PROCESCinq familles bulgares jugées pour avoir créé un réseau de mendicité forcée

Toulouse : Cinq familles bulgares à la barre, accusées d’avoir transformé des compatriotes en esclaves de la mendicité

PROCESLe procès de 18 Roms de Bulgarie, accusés d’avoir contraint 33 de leurs compatriotes à faire la manche et à les exploiter, s’ouvre ce lundi pour dix jours à Toulouse après avoir été reporté pour cause de Covid-19
Béatrice Colin

Béatrice Colin

L'essentiel

  • En juin 2018, la police toulousaine démantèle un réseau de mendicité forcée organisée par cinq familles Roms de Bulgarie.
  • A compter de ce lundi, 18 personnes, accusées d’exploiter 33 mendiants par la menace et la violence, sont jugées par le tribunal correctionnel de Toulouse.
  • Pour la première fois depuis le second procès AZF, en raison de la crise sanitaire et du nombre d’accusés, le tribunal correctionnel de Toulouse est délocalisé à la salle Jean-Mermoz. Il devait démarrer le 18 janvier mais avait été reporté en raison de cas positifs parmi les prévenus.

Chaque mendiant appartenait à un des clans. « On leur donnait de l’alcool, ils étaient conditionnés par la violence. Les mendiants étaient répartis sur des territoires et à l’image du deal, les carrefours se marchandaient et les mendiants pouvaient être revendus ainsi jusqu’à 500 euros », racontait en juin 2018 un enquêteur toulousain à 20 Minutes. A l’époque, après plusieurs mois d’enquête, les hommes de la sûreté départementale de Toulouse avaient démantelé un réseau international de traite d’êtres humains organisé par des mafieux Roms bulgares.

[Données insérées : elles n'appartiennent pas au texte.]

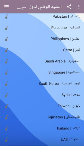 يمكنك تطبيق النشيد الوطني لدول اسيا من الاستماع لجميع الاناشيد الوطنية لدول قارة اسيا والتنقل بينها بكل سهولة ويسر، بالاضافة لوجود أعلام الدول أيضاً بطريقة مرتبة حمل تطبيق النشيد الوطني لدول اسيا الان

A partir de ce lundi, et durant dix jours, dix-huit d’entre eux vont être jugés par le tribunal correctionnel de Toulouse pour traite d’êtres humains commise en bande organisée et exploitation de la mendicité forcée. Des débats délocalisés, pour la première fois depuis le second procès AZF, dans la salle Jean-Mermoz, en raison des conditions sanitaires à respecter. D’autant plus que ce procès aurait dû débuter il y a quinze jours, mais en raison de cas positifs parmi les prévenus, il avait dû être reporté.

Trente-trois victimes

Tout est parti d’une plainte en mai 2017. Un homme d’origine bulgare s’est présenté au commissariat. Il a alors raconté aux policiers comment un de ses compatriotes l’avait « invité » un an plus tôt à venir en France pour faire la manche, et partager les bénéfices. Mais rapidement l’association s’est transformée en exploitation, son « hôte » lui ayant confisqué ses papiers. Quelques mois plus tard, il est revenu voir les policiers. Cette fois-là, il leur a révélé qu’en plus d’être forcé à mendier aux carrefours des avenues toulousaines, on l’avait frappé. Et il n’était pas le seul à subir ce sort « d’esclave » au sein du camp de Gabardie, à vivre dans le dénuement, tyrannisé par cinq familles originaires de Pleven.

Lors de leur intervention sur le camp, un matin de juin 2018, les enquêteurs ont trouvé 33 mendiants, parfois handicapés, la plupart attirés en France sous des prétextes fallacieux ou grâce à des promesses d’argent facile. Chacun avait des objectifs précis, les résultats étant même notés sur des petites feuilles, comme des livres de compte. Comme pour n’importe quel revendeur de drogue, le chef du clan les appelait régulièrement sur un portable bloqué, histoire de leur rappeler leurs objectifs quotidiens.

S’ils avaient le malheur de ne pas y arriver, ils étaient brutalisés, recevaient parfois des coups de couteau. Une semaine avant l’intervention des policiers, l’un d’eux s’était fait rouler dessus par une voiture. Parallèlement, les bourreaux affichaient sur les réseaux sociaux, leur « réussite » à bord de berlines de type Audi Q7 financées par l’argent gagné grâce aux mains tendues, chaque jour, aux carrefours du boulevard de Suisse, du côté de Gramont ou des Ponts-Jumeaux.

Lors de leurs auditions, les onze hommes et sept femmes qui s’apprêtent à être jugés ont nié toute responsabilité, certains évoquant la vente de ferraille pour justifier l’argent liquide et les flux financiers. « Ceux qui disent avoir été victimes ne sont pas là et ne viendront pas, on va rester sur des accusations. Mes clients les contestent, ce sont eux aussi des misérables qui ont fui la misère, la question sera de savoir s’ils ont profité de la misère d’autres », avance Alexandre Martin, l’avocat de six des accusés.